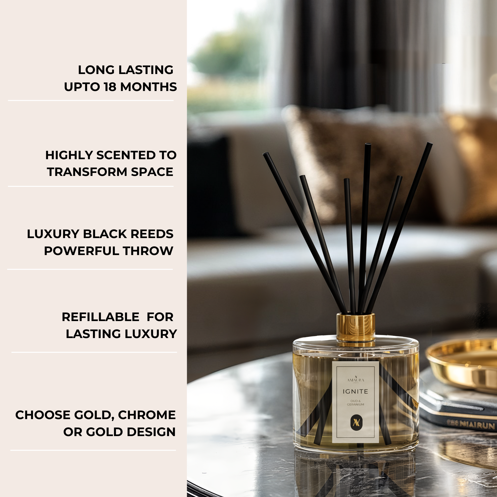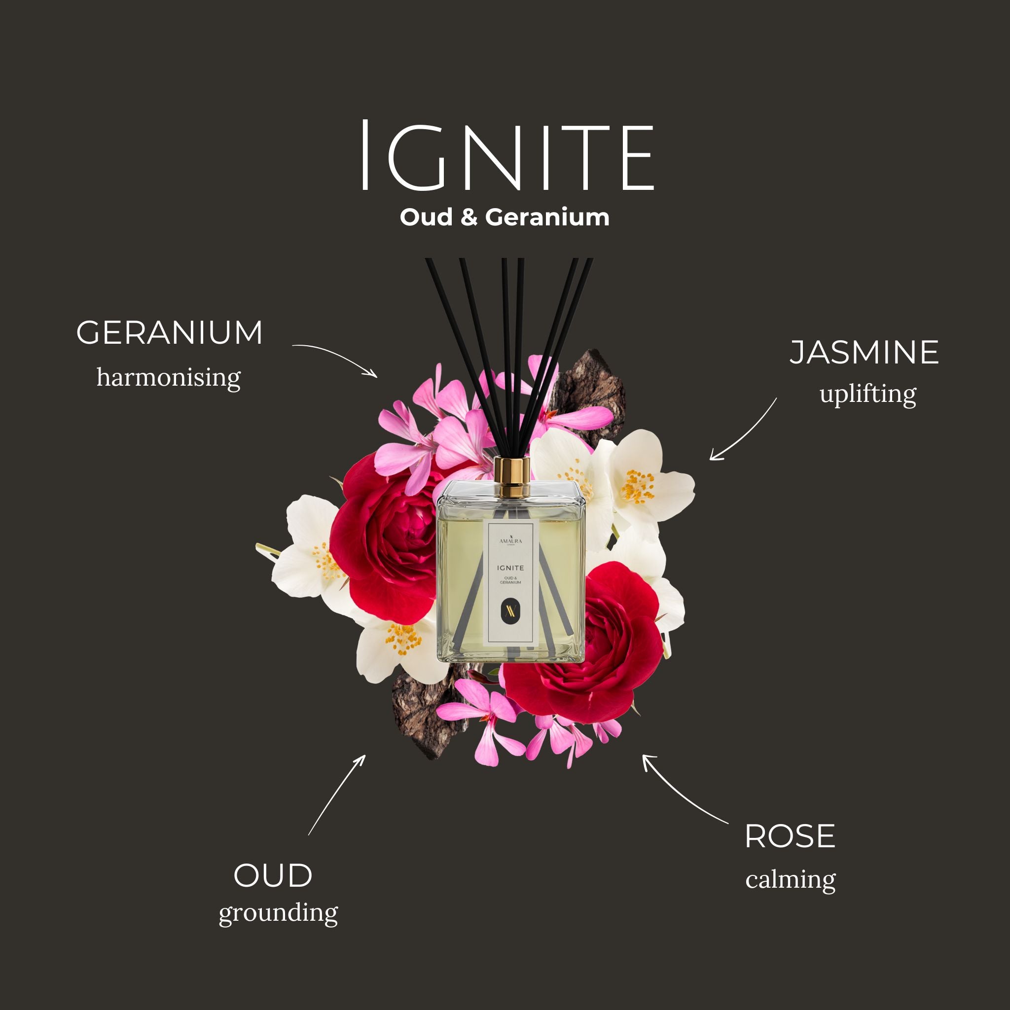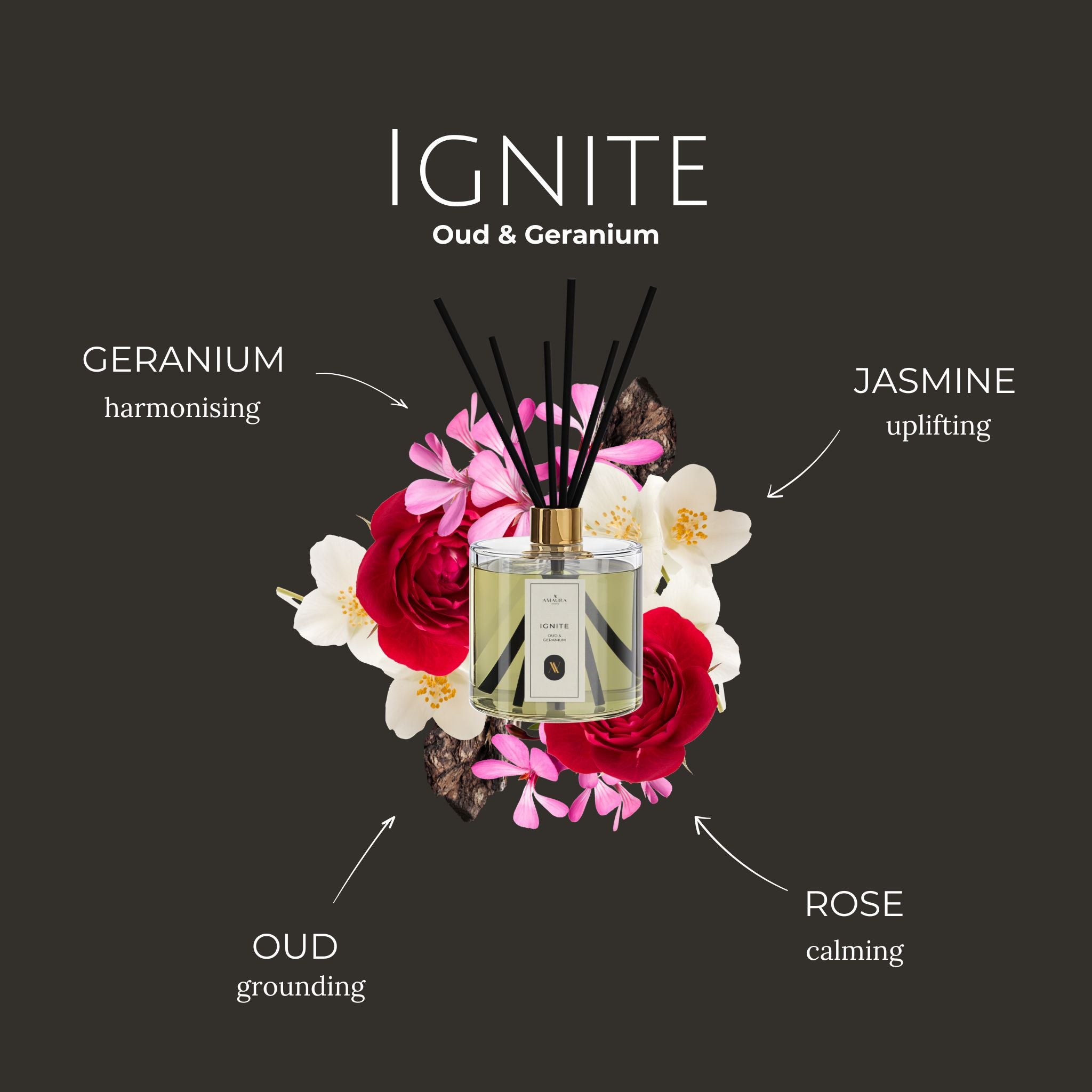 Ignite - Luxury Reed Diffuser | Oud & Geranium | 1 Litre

==

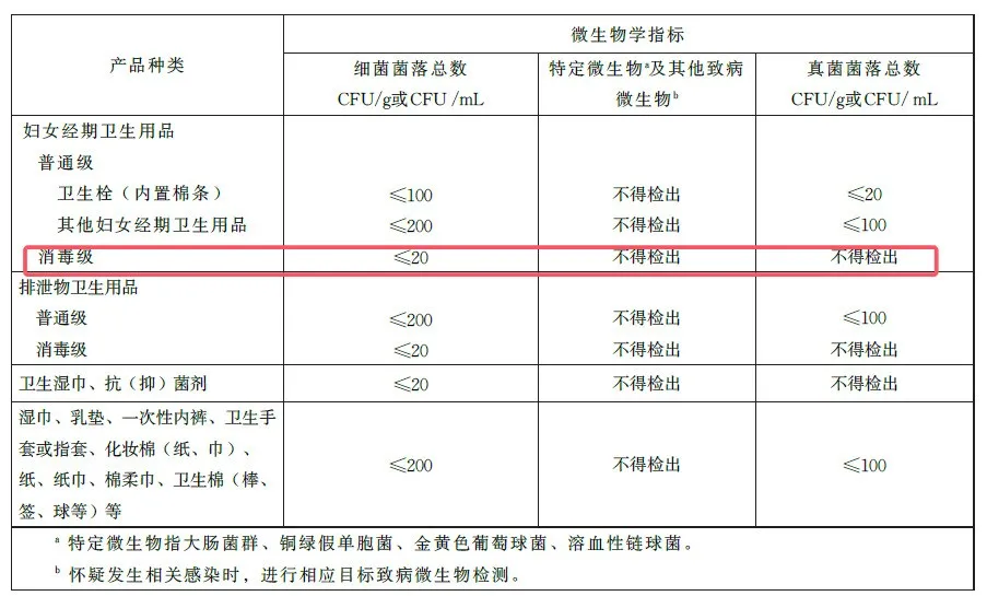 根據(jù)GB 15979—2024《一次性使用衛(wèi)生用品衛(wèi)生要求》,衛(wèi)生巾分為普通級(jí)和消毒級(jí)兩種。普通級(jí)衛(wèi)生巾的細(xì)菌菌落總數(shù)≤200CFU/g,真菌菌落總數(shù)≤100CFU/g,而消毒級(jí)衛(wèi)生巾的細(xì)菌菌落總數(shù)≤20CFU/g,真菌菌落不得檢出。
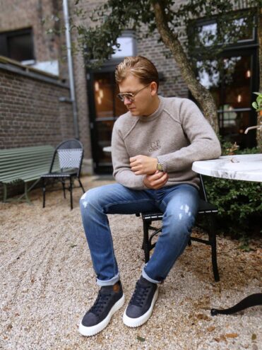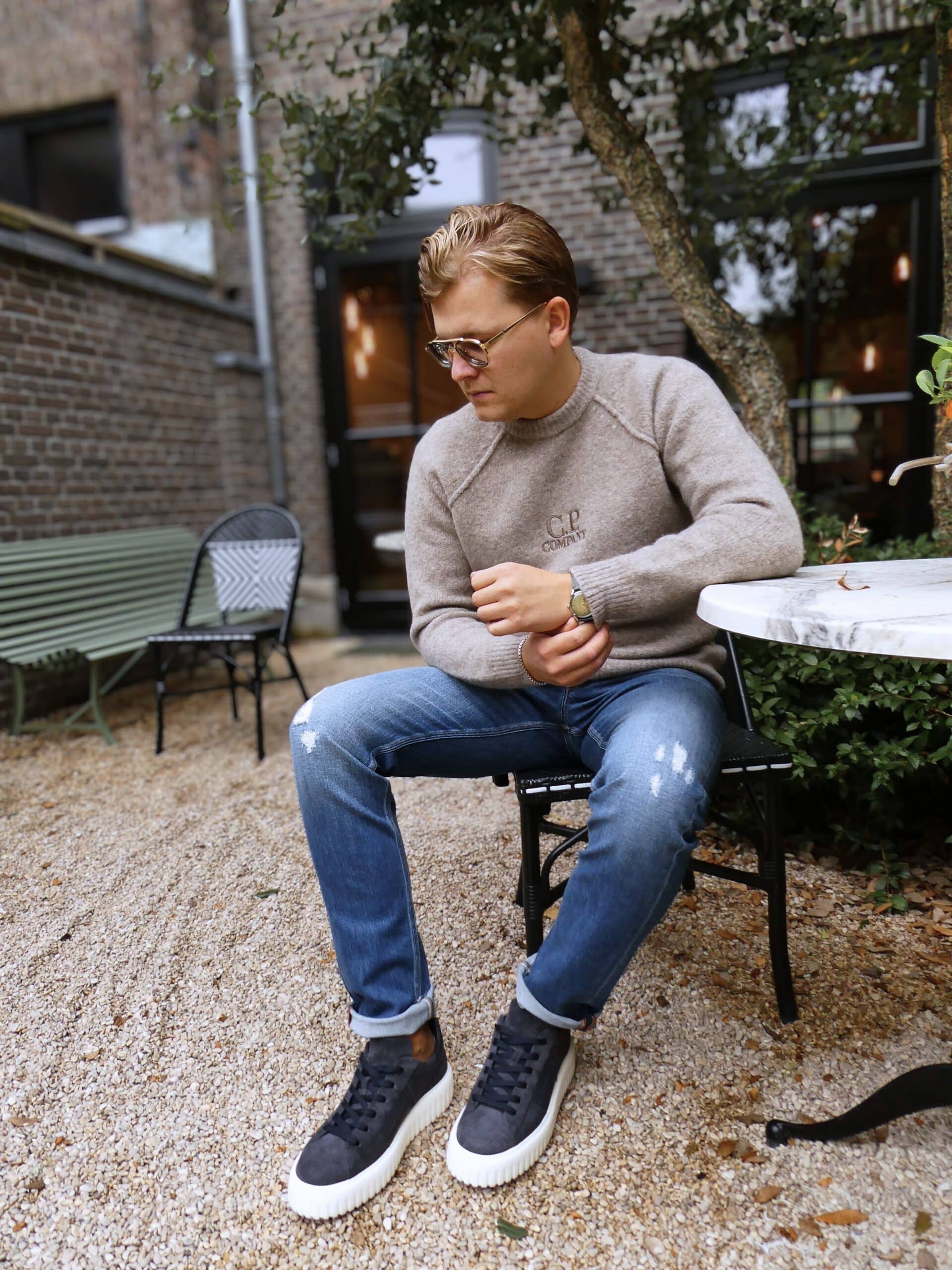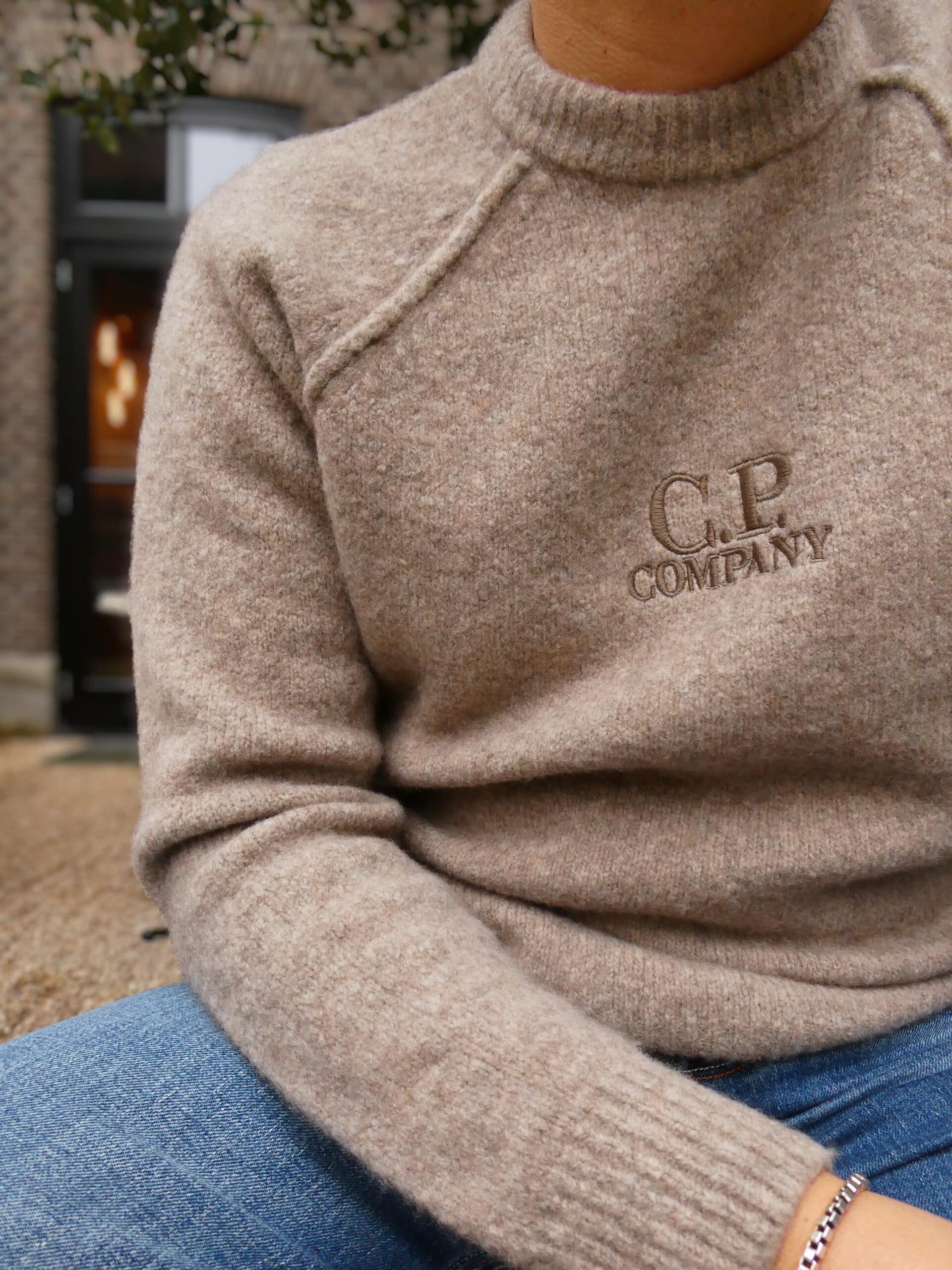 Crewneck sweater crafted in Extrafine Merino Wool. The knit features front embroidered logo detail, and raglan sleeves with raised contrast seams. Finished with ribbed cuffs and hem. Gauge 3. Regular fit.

## Exercise instructions
The lines to reproduce run from the one above containing "根據(jù)GB 15979" through the one containing "Crewneck sweater crafted". Copy them exactly and leave out all pictures.

## Task solution
 根據(jù)GB 15979—2024《一次性使用衛(wèi)生用品衛(wèi)生要求》,衛(wèi)生巾分為普通級(jí)和消毒級(jí)兩種。普通級(jí)衛(wèi)生巾的細(xì)菌菌落總數(shù)≤200CFU/g,真菌菌落總數(shù)≤100CFU/g,而消毒級(jí)衛(wèi)生巾的細(xì)菌菌落總數(shù)≤20CFU/g,真菌菌落不得檢出。
 Crewneck sweater crafted in Extrafine Merino Wool. The knit features front embroidered logo detail, and raglan sleeves with raised contrast seams. Finished with ribbed cuffs and hem. Gauge 3. Regular fit.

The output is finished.